Do you own a business or manage one and feel that you’d like it to expand? Is this an area where you even have management accounts for this purpose?

Management accounts are a useful tool for keeping an eye on your business’s financial position and success over a period.

Here we explore topics such as management accounts, why they are important, what exactly they are used for, and how you can use them most effectively.

Management accounting includes the preparation of financial reports with the aim that managers can base their decisions on the information they provide about the performance of the business. Such reports give the figures of various financial metrics and present a total economic picture of the company.

Management accounts are usually prepared on a monthly or quarterly basis. They are used to guide operationally and strategically both on a daily basis and long-term.

The preparation of management reports is like the preparation of year-end accounts, but they are less formal and much more customized to meet the needs of a specific user.

What Makes Management Accounts Useful?

Management accounts can be helpful in the following ways : 

Growing the business

Through continuous and reliable updates, you will be able to spot trends and risks before they turn into barriers. You will be able to move the actions in the right direction and make the business grow. 

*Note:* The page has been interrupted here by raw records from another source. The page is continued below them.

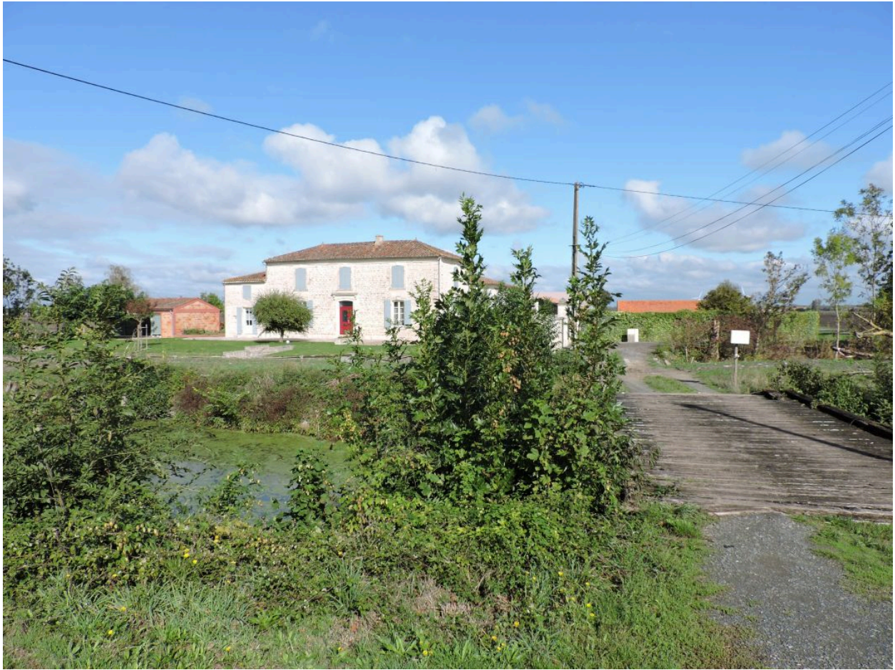
Les ponts de la Bonde des Jourdain, au premier plan le canal de Vix, vus depuis le sud.
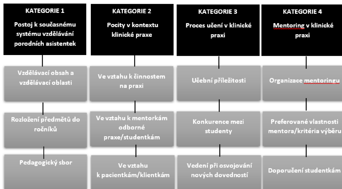
Obrázek 1. Kategorie a podkategorie výsledků
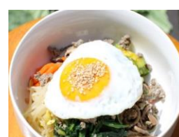
ビビンパ (キムチ・スープ付き) 1,100円
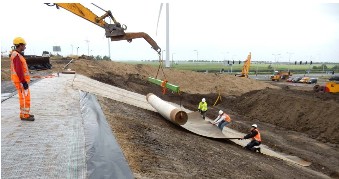
Foto: Toepassing bentonietmat.

Om beschadigingen aan de voorziening te voorkomen, hebben niet-destructieve onderzoeks- en meetmethoden de voorkeur. Meetmethoden die niet in dit protocol zijn voorgeschreven, zijn toegestaan wanneer de inspecteur zich ervan heeft overtuigd dat hij hiermee een betrouwbare kwalificatie van de voorziening kan verkrijgen.
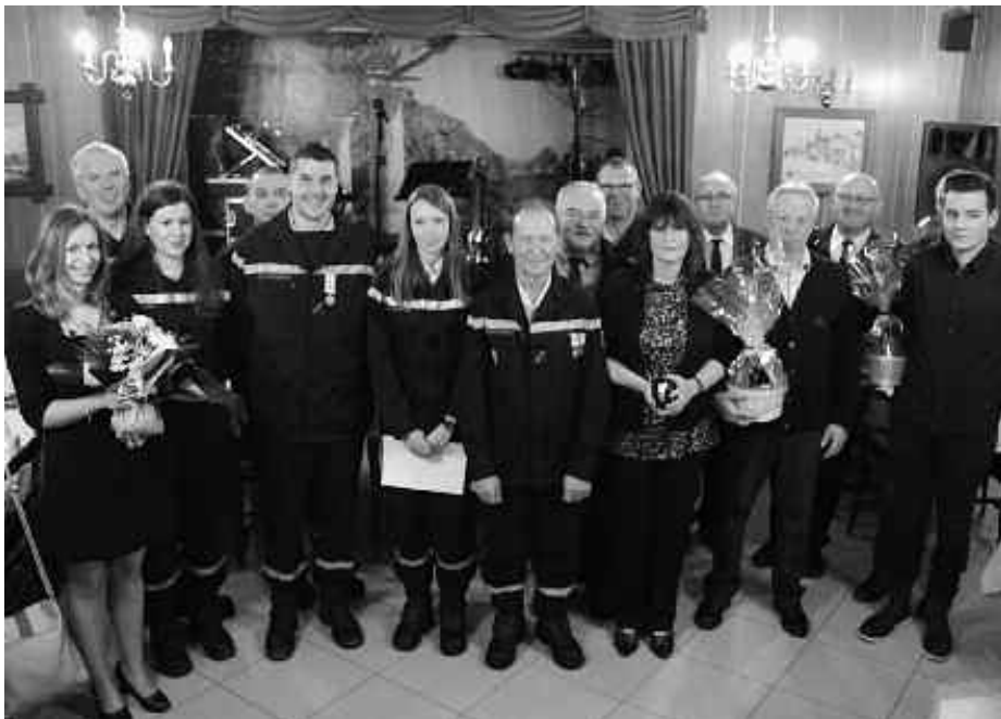
Fête de la Sainte Barbe au Lion d'Or

2018 vient de débiter et il est donc l'heure de faire le bilan de l'année écoulée.

Better cash flow management

Proper account management should identify the cash inflows and outflows. It is very critical for you as a business owner to know exactly the amount of cash you have, the amount of cash you expect to come in, and the amount you need to meet your outflows.

It will avoid adding unnecessary pressure to your cash flow. On the other hand, if you have extra money, you will have a chance of getting various discounts which will be offered in bulk purchases.

Tax planning

Management accounts are frequently used by tax specialists and accountants to forecast the tax liability of a company.

On the other hand, it can be used to verify whether tax authorities have calculated the correct tax liability.

Improve the audit process

Typically, auditing is done once per year, while management accounts are generated more frequently.

It will not only spread the load evenly around the year but also identify the rise of any issues as they come up instead of all at once during an audit.

Promptly resolving issues as they arise throughout the year usually results in lower expenses and faster outcomes than addressing all problems all at once. 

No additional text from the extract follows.